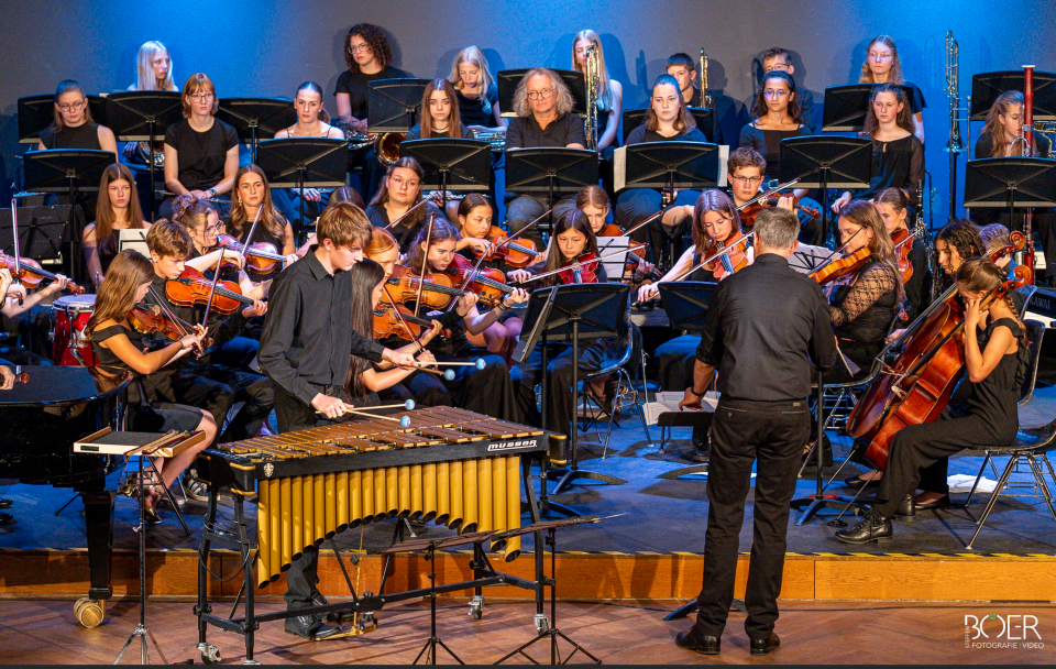 Ab Klasse 7 besteht die Möglichkeit, im gemeinsamen Orchester der Gymnasien und der Musikschule mitzuspielen. Hier werden in verschiedenen Phasen des Schuljahres Werke für Projekte der Gymnasien und der Musikschule erarbeitet.
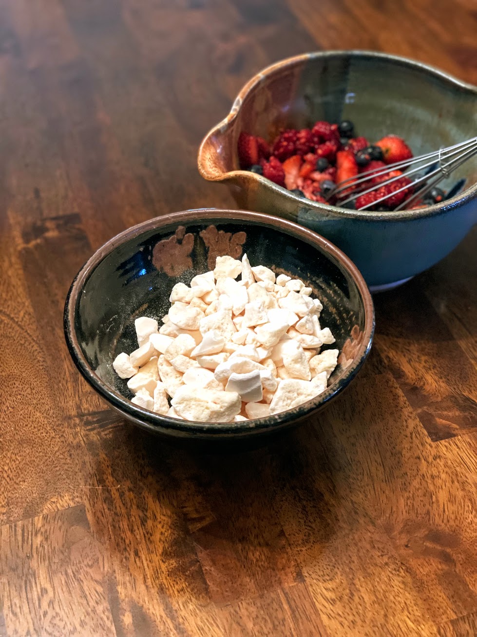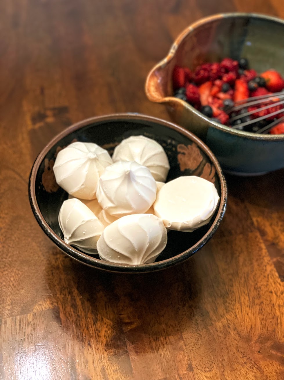 - 1 cup hard meringues, crushed (we buy ours at Trader Joe’s, but they’re also available on Amazon)
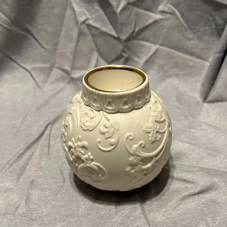 It is crafted from creamy white bisque porcelain with a 24K gold accented glazed crown at the top, resembling a Christmas ornament. The body features an embossed holly scrollwork pattern. Holds votive or tea light. Discontinued.
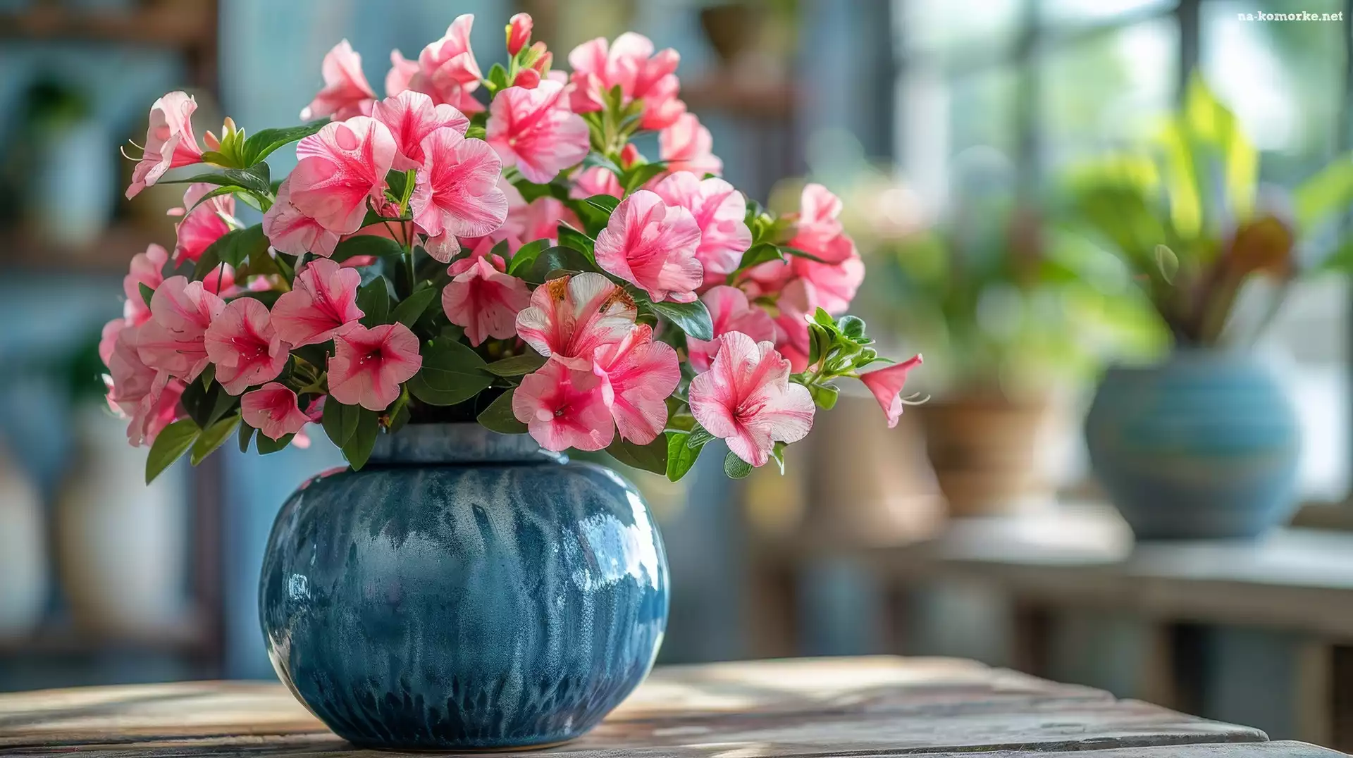 Niebieski, Bukiet, Surfinia, Wazon, Kwiaty, Różowe na Komórkę
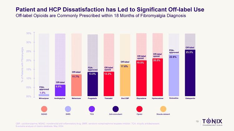Patient and HCP Dissatisfaction has Led to Significant Off - label Use Off - label Opioids are C ommonly P rescribed within 18 Months of Fibromyalgia Diagnosis CBP, cyclobenzaprine; NSAID, nonsteroidal anti - inflammatory drug; SNRI, serotonin norepinephrine reuptake inhibitor; TCA, tricyc lic antidepressant. Eversana analysis of claims database, May 2024. 19

==============================

— TASK DESCRIPTION —
Pictures stay out of the copy; please restate every record above exactly.

— RESPONSE TO THE EXERCISE —
 Ab Klasse 7 besteht die Möglichkeit, im gemeinsamen Orchester der Gymnasien und der Musikschule mitzuspielen. Hier werden in verschiedenen Phasen des Schuljahres Werke für Projekte der Gymnasien und der Musikschule erarbeitet.
 - 1 cup hard meringues, crushed (we buy ours at Trader Joe’s, but they’re also available on Amazon)
 It is crafted from creamy white bisque porcelain with a 24K gold accented glazed crown at the top, resembling a Christmas ornament. The body features an embossed holly scrollwork pattern. Holds votive or tea light. Discontinued.
 Niebieski, Bukiet, Surfinia, Wazon, Kwiaty, Różowe na Komórkę
Patient and HCP Dissatisfaction has Led to Significant Off - label Use Off - label Opioids are C ommonly P rescribed within 18 Months of Fibromyalgia Diagnosis CBP, cyclobenzaprine; NSAID, nonsteroidal anti - inflammatory drug; SNRI, serotonin norepinephrine reuptake inhibitor; TCA, tricyc lic antidepressant. Eversana analysis of claims database, May 2024. 19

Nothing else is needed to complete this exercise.